Data supplied section start
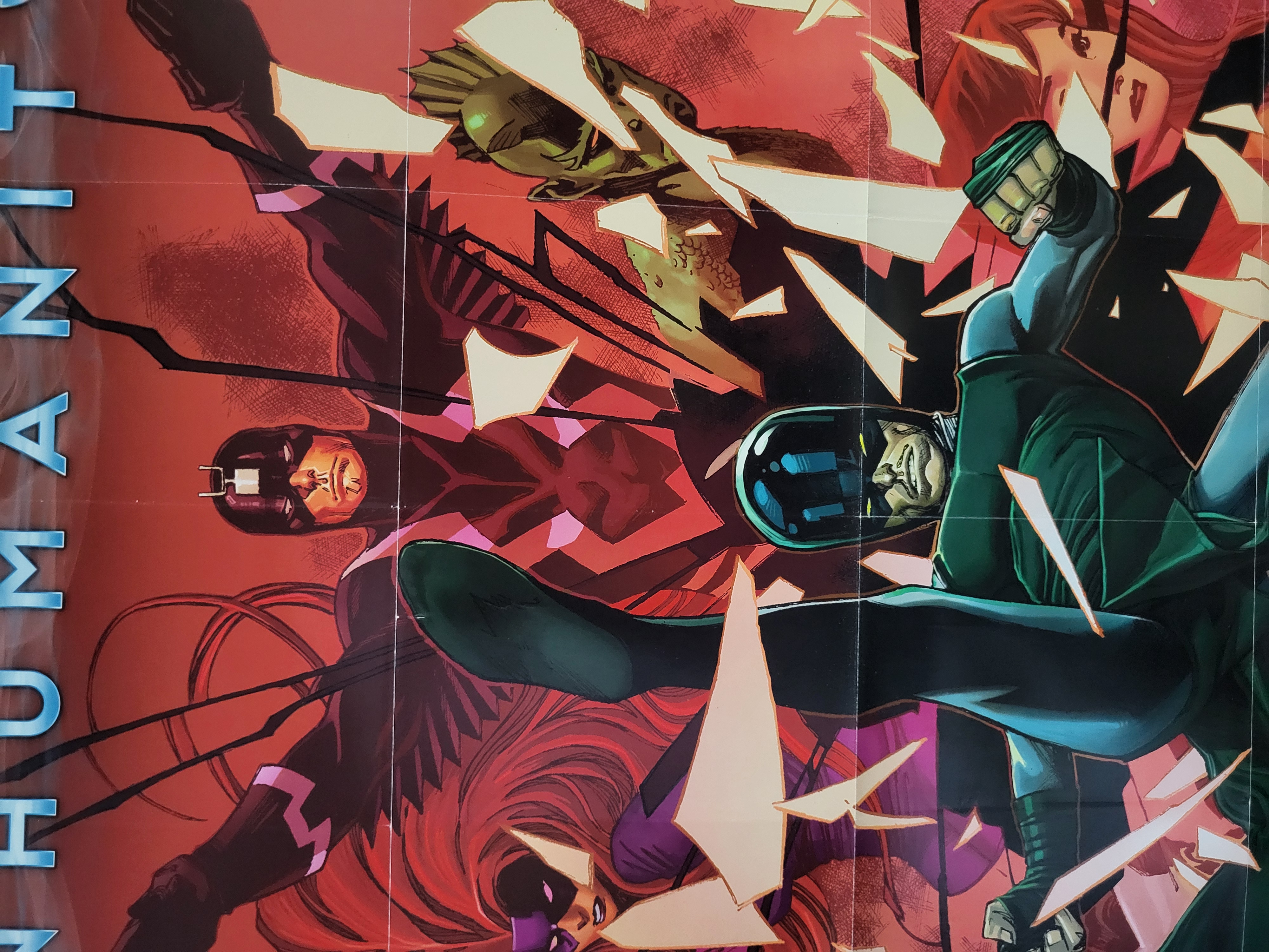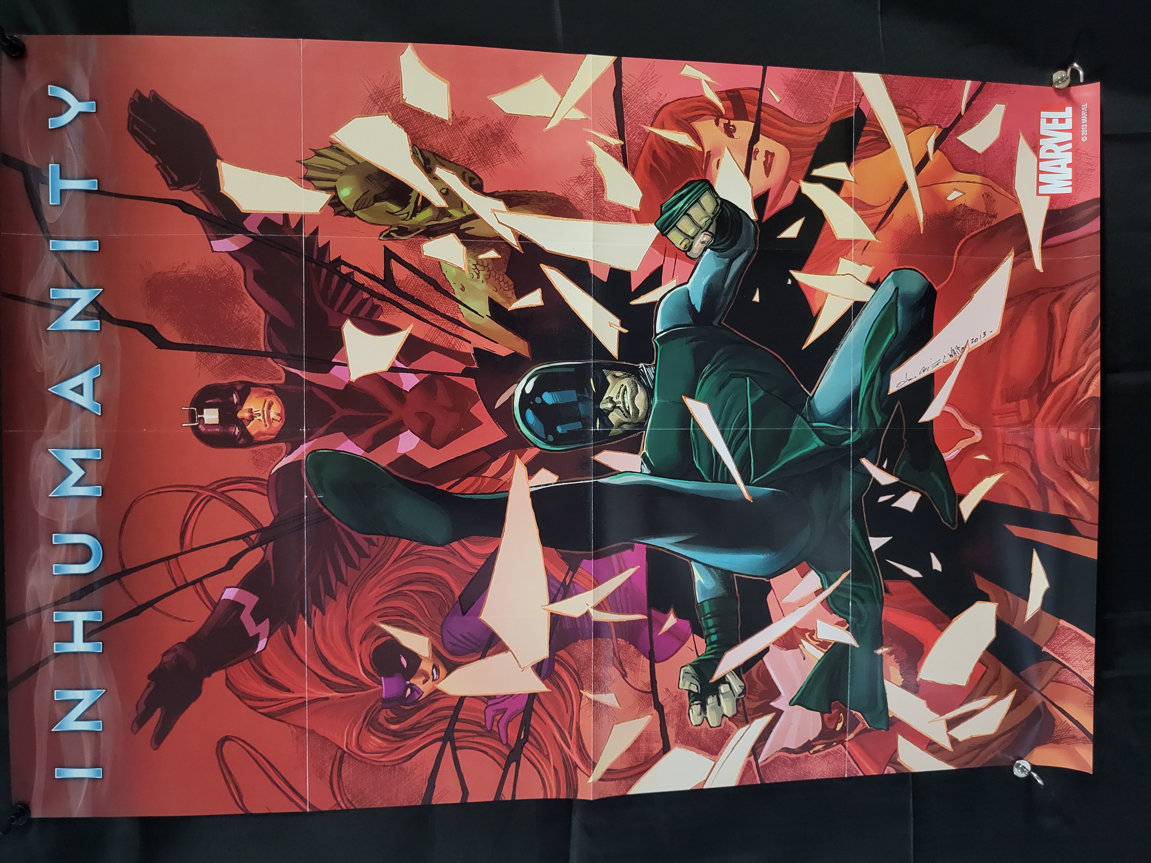 BID PER WHAT YOU SEE IN THE PHOTO, NOT THE AI GENERATED TITLES AND DESCRIPTIONS! A Marvel Comics promotional poster for the 2013 Inhumanity event. The paper poster features stylized artwork depicting various Inhumans characters, including Black Bolt, Medusa, Karnak, and Triton, set against a red-toned background with a shattered glass motif. The text INHUMANITY is printed vertically along the left side. The Marvel logo and a 2013 copyright notice are located in the upper right corner. An artist signature and the date 2013 are visible in the center-right area.
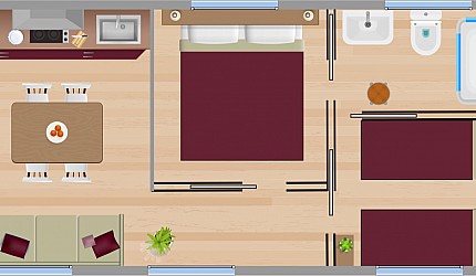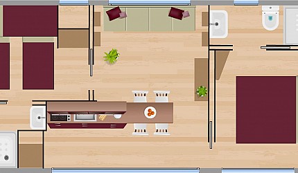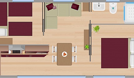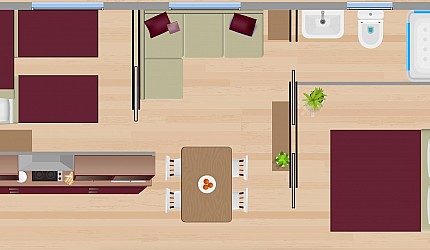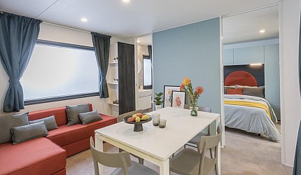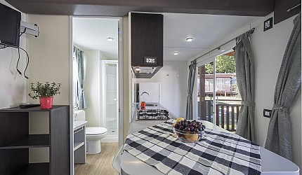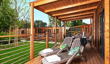 Le nostre case mobile top di gamma, naturale evoluzione delle Olive Grove 4.3 ricche di dettagli inediti e spazi abitativi generosi, con terrazza coperta a tutta lunghezza, centrali e in prossimità della piscina.
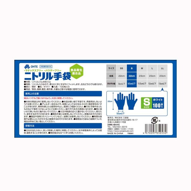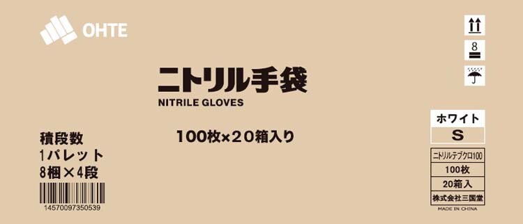 三国堂 ニトリル手袋 薄手 粉なし 食品衛生法適合 Sサイズ ホワイト (100枚×20箱入)
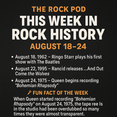 This week in rock is packed with game-changing firsts and legendary moments. Ringo Starr makes his live debut with The Beatles, Queen begins the epic recording of “Bohemian Rhapsody,” and Rancid drops …And Out Come the Wolves, igniting the ’90s punk revival. Plus, The Beatles launch their first North American tour, Crosby, Stills, Nash & Young hit Woodstock for only their second public show, and Alice Cooper sparks chaos with a last-minute concert cancellation. From overdubbed tapes to overnight legends, it’s another week of pure rock ’n’ roll history.
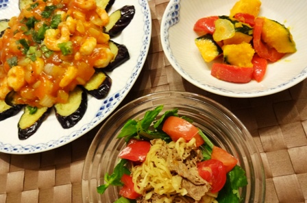 なすのエビチリソース切干大根と牛しゃぶのサラダかぼちゃとパプリカの蒸し煮 * * * * * * * * * * * * *コストコで買った冷凍むきえびを使ったチリソースを、素揚げしたなすにかけています。きょうの料理で紹介されていて、結婚前から作っていたお気に入りのレシピ。コストコの冷凍むきえびは背わたもとってあるので、下ごしらえいらずむきえびにしては大ぶりで、味もイイシーフードガあまり得意ではない息子もこのエビは「ぷりぷりしてておいしいね!」と言ってくれます♪黒米入りの全粒粉パンと甘納豆入りの丸パン。両方とも藤田千秋さんのレシピです。黒米のパンは見た目黒っぽくてグロテスクですが、風味があって、しみじみおいしい。でも家族は甘~い豆パンのほうが好みのようで・・・ほとんど私が食べます(^_^;)
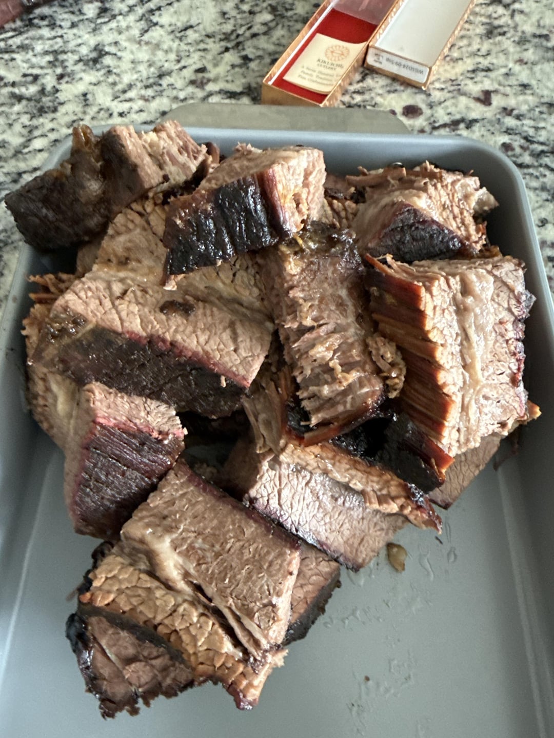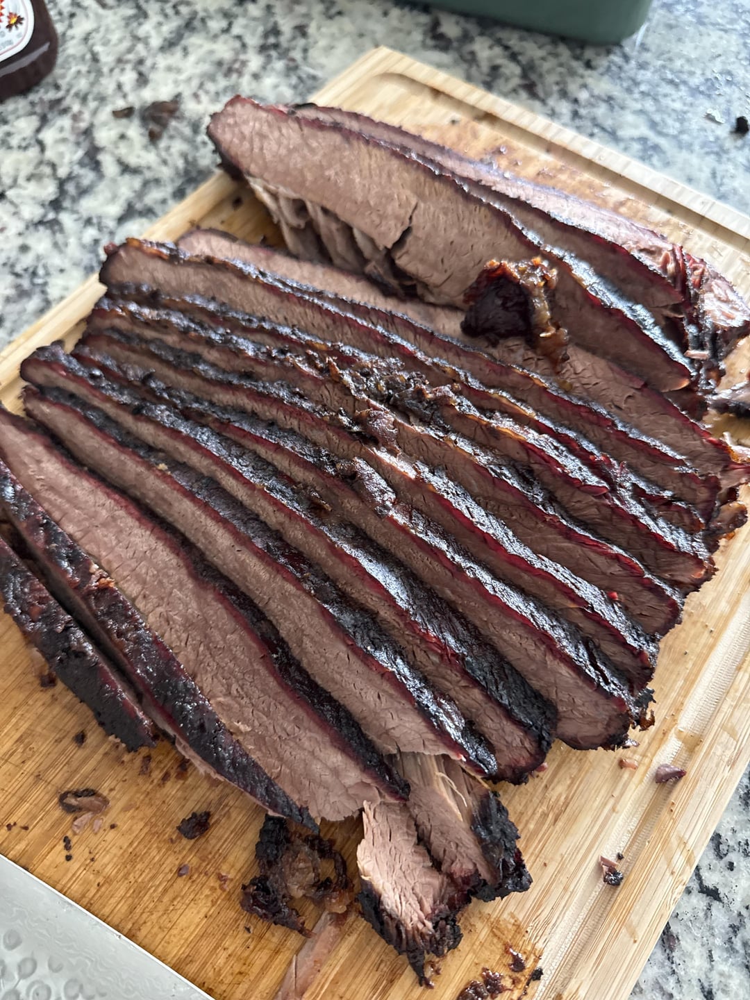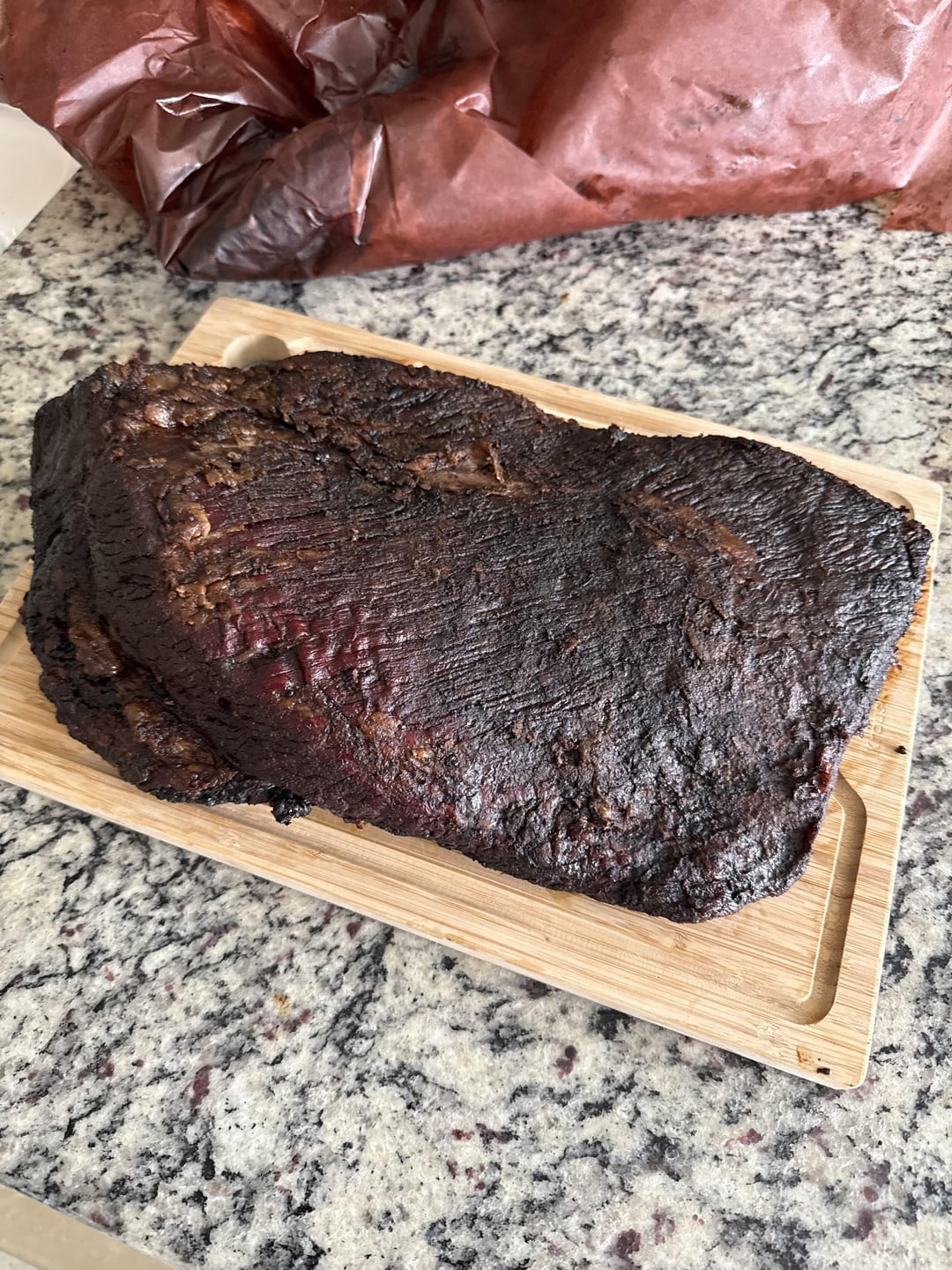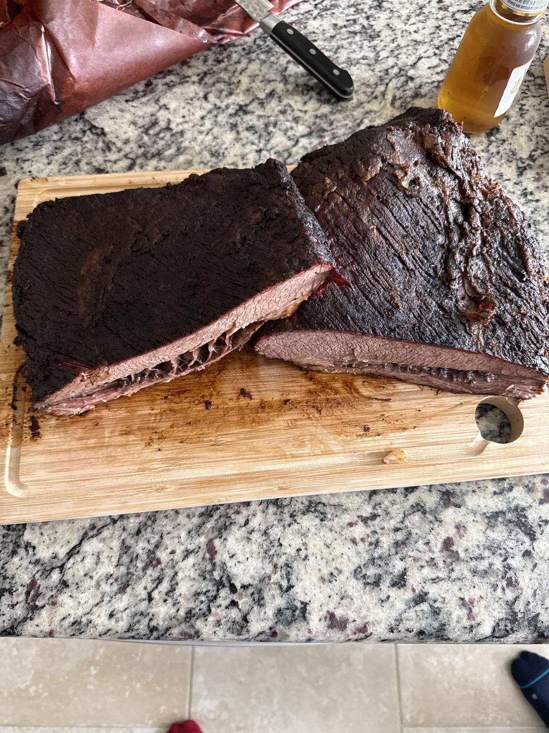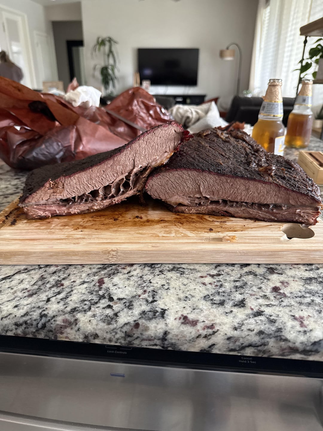 Looks good for the first time around! A bit on the dry side based on the photos but definitely good bark. I would say for next time around, try putting the probes near the middle or closer to the flat than the point. The other thing I personally do is I smoke with fat cap up instead of down.
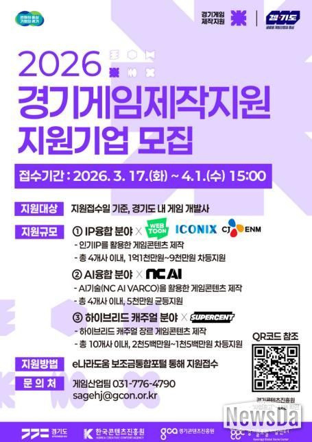 뉴스다 최광묵 기자 | 경기도와 경기콘텐츠진흥원이 도내 게임 기업의 경쟁력 강화와 글로벌 시장 진출을 위해 ‘2026년 경기게임제작지원’과 ‘2026년 게임 상용화 지원’ 사업 참여기업을 오는 4월 1일까지 모집한다.
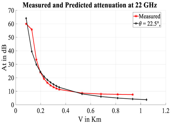 The earth–satellite link at an elevation angle of 22.5 degree at a dust storm height (h1) of 2.4 km is equivalent to 6.2 km slant path length. Hence, the predicted attenuation using the proposed model of dust storm intensity variations on earth–satellite link at an elevation angle of 22.5 degrees and dust storm height of 2.4 km is compared with the measurement in Figure 12. Figure 12 shows that when visibility exceeds 0.6 km, the prediction slightly underestimates attenuation. In the mid-range (0.6 km to 0.3 km), there is close agreement. At lower visibility levels below 0.3 km, the prediction again slightly underestimates the measured attenuation.
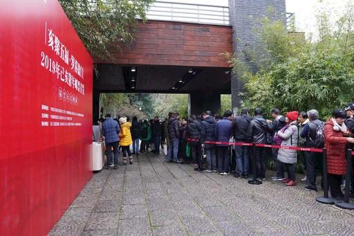1月5日,浙江杭州煙雨濛濛,廣大集郵愛好者在位于西子湖畔的韓美林藝術(shù)館前排起了長隊(圖)。當天,韓美林藝術(shù)館舉辦了《己亥年》郵票首發(fā)式,“‘豬’事大吉”己亥年生肖畫展開展,集中展示韓美林先生融合傳統(tǒng)水墨和現(xiàn)代水彩畫效果于一體的作品。
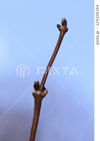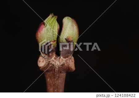 自然 植物 ミツバウツギ、芽吹き。三月半ば、二枚の芽鱗を割って緑色の若葉が顔を出しました
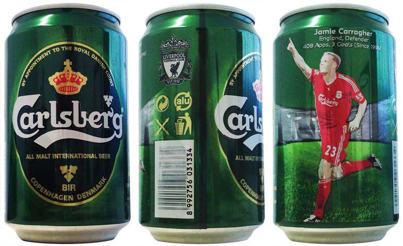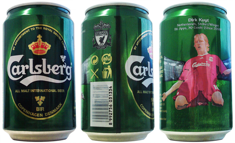 A Carlsberg durante anos patrocina a equipe do Liverpool e produz mais esta lata da equipe.
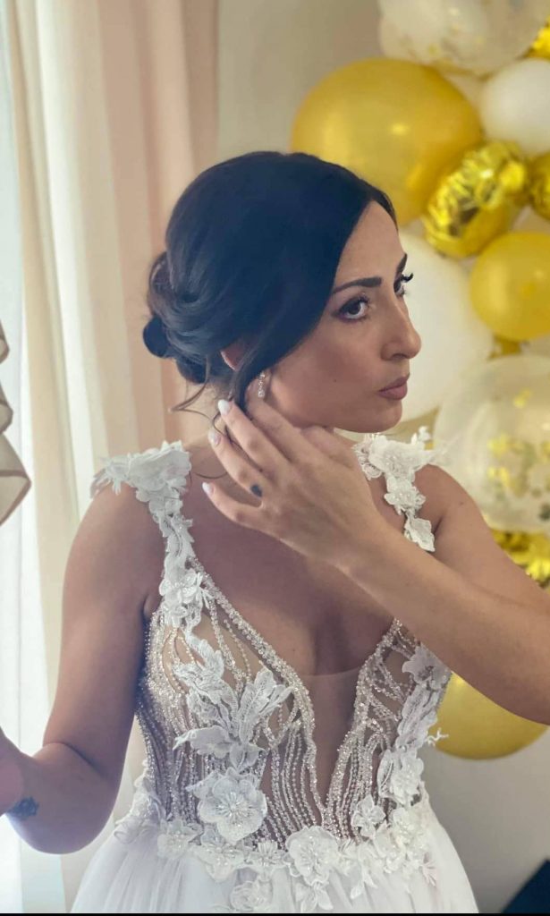 Το υπέροχο νυφικό της όμορφης Έλενας ! Μια δημιουργία της σχεδιάστριας Φρύνης Γιαννούλη που έπεσε γάντι στην καλλίγραμμή νύφη.
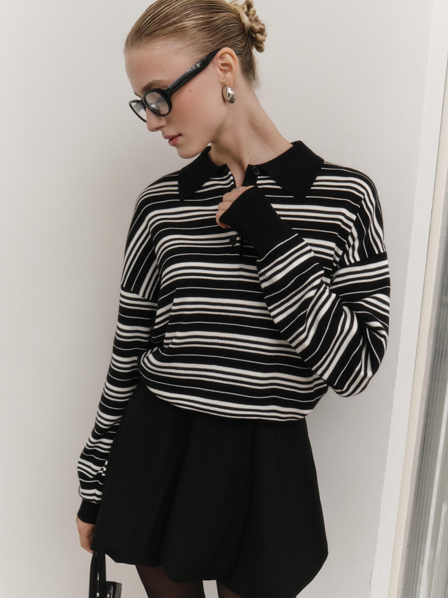 Трикотажное поло в полоску с длинными рукавами :: LICHI
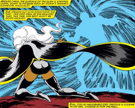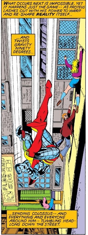 Acción y reflexión se funden de modo espléndido. Claremont aprovecha cualquier resquicio para enriquecer la narración con el desarrollo psicológico de los personajes, sobre todo mediante el énfasis discursivo de diálogos y pensamientos. En particular, es memorable la demostración de liderazgo que realiza Cíclope en la pausa que efectúan los Hombres-X antes del enfrentamiento final en Edimburgo, al comprobar la maltrecha moral a que han quedado reducidos tras su primera pelea contra Proteo, provocando su rabia contra él mismo a modo de catarsis (sobre todo de Lobezno: una buena idea puesto que este siempre había cuestionado la jefatura de Summers). En cuanto a Byrne, en estos números termina por demostrar su capacidad para dibujar cualquier cosa. El poder de Proteo para alterar la realidad, es evidente, suponía toda una golosina en manos de un dibujante como él, y aquí brindó varios de los grandes momentos de la serie: buen ejemplo es esa viñeta en que el villano gira la gravedad 90 grados y Coloso cae horizontalmente hacia abajo (la viñeta, claro, es vertical, pero la gracia nace de la torsión entre los dos ejes).
Data supplied section end
### Problem details
In the answer, give only the lines from the top of the data above through the line with "三国堂 ニトリル手袋 薄手", reproduced exactly; no picture may appear.

### Solution to the exercise
 BID PER WHAT YOU SEE IN THE PHOTO, NOT THE AI GENERATED TITLES AND DESCRIPTIONS! A Marvel Comics promotional poster for the 2013 Inhumanity event. The paper poster features stylized artwork depicting various Inhumans characters, including Black Bolt, Medusa, Karnak, and Triton, set against a red-toned background with a shattered glass motif. The text INHUMANITY is printed vertically along the left side. The Marvel logo and a 2013 copyright notice are located in the upper right corner. An artist signature and the date 2013 are visible in the center-right area.
 Le nostre case mobile top di gamma, naturale evoluzione delle Olive Grove 4.3 ricche di dettagli inediti e spazi abitativi generosi, con terrazza coperta a tutta lunghezza, centrali e in prossimità della piscina.
 三国堂 ニトリル手袋 薄手 粉なし 食品衛生法適合 Sサイズ ホワイト (100枚×20箱入)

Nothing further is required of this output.